## [Task statement]
Begin with the first line of the entries below and reproduce each line exactly, ending with the line that holds "Ubicado en una".

--

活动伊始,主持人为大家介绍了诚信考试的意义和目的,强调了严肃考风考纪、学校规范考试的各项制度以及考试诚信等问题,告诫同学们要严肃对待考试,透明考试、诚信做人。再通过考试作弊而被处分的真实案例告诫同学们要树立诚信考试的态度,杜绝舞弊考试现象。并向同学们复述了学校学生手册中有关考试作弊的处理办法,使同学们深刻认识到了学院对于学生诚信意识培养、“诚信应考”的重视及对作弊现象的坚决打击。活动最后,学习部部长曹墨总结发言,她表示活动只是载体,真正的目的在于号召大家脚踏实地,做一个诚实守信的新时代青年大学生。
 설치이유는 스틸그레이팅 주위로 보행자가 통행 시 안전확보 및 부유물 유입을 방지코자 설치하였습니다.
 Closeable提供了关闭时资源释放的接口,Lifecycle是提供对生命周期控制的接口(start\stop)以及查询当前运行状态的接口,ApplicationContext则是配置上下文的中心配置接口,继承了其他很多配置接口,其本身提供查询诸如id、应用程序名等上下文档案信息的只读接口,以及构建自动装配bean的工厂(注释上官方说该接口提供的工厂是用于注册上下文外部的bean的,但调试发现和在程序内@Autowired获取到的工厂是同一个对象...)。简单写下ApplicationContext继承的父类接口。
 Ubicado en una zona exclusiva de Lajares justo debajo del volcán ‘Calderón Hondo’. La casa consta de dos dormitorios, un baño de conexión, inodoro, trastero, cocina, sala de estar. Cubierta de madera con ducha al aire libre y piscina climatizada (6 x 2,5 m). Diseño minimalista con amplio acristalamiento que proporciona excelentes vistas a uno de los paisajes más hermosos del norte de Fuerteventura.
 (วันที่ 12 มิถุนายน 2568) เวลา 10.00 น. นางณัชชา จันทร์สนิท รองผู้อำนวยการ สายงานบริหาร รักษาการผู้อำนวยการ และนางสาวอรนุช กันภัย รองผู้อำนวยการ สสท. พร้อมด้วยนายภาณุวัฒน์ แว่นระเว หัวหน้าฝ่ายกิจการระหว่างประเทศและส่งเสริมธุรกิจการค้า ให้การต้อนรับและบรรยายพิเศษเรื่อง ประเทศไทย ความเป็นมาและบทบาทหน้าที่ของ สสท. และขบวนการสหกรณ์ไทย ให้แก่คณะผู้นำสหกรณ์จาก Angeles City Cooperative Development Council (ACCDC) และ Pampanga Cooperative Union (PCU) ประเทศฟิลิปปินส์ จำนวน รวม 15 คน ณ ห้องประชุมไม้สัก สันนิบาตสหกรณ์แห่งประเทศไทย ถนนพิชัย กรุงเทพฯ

--

## [Exercise answer]
活动伊始,主持人为大家介绍了诚信考试的意义和目的,强调了严肃考风考纪、学校规范考试的各项制度以及考试诚信等问题,告诫同学们要严肃对待考试,透明考试、诚信做人。再通过考试作弊而被处分的真实案例告诫同学们要树立诚信考试的态度,杜绝舞弊考试现象。并向同学们复述了学校学生手册中有关考试作弊的处理办法,使同学们深刻认识到了学院对于学生诚信意识培养、“诚信应考”的重视及对作弊现象的坚决打击。活动最后,学习部部长曹墨总结发言,她表示活动只是载体,真正的目的在于号召大家脚踏实地,做一个诚实守信的新时代青年大学生。
 설치이유는 스틸그레이팅 주위로 보행자가 통행 시 안전확보 및 부유물 유입을 방지코자 설치하였습니다.
 Closeable提供了关闭时资源释放的接口,Lifecycle是提供对生命周期控制的接口(start\stop)以及查询当前运行状态的接口,ApplicationContext则是配置上下文的中心配置接口,继承了其他很多配置接口,其本身提供查询诸如id、应用程序名等上下文档案信息的只读接口,以及构建自动装配bean的工厂(注释上官方说该接口提供的工厂是用于注册上下文外部的bean的,但调试发现和在程序内@Autowired获取到的工厂是同一个对象...)。简单写下ApplicationContext继承的父类接口。
 Ubicado en una zona exclusiva de Lajares justo debajo del volcán ‘Calderón Hondo’. La casa consta de dos dormitorios, un baño de conexión, inodoro, trastero, cocina, sala de estar. Cubierta de madera con ducha al aire libre y piscina climatizada (6 x 2,5 m). Diseño minimalista con amplio acristalamiento que proporciona excelentes vistas a uno de los paisajes más hermosos del norte de Fuerteventura.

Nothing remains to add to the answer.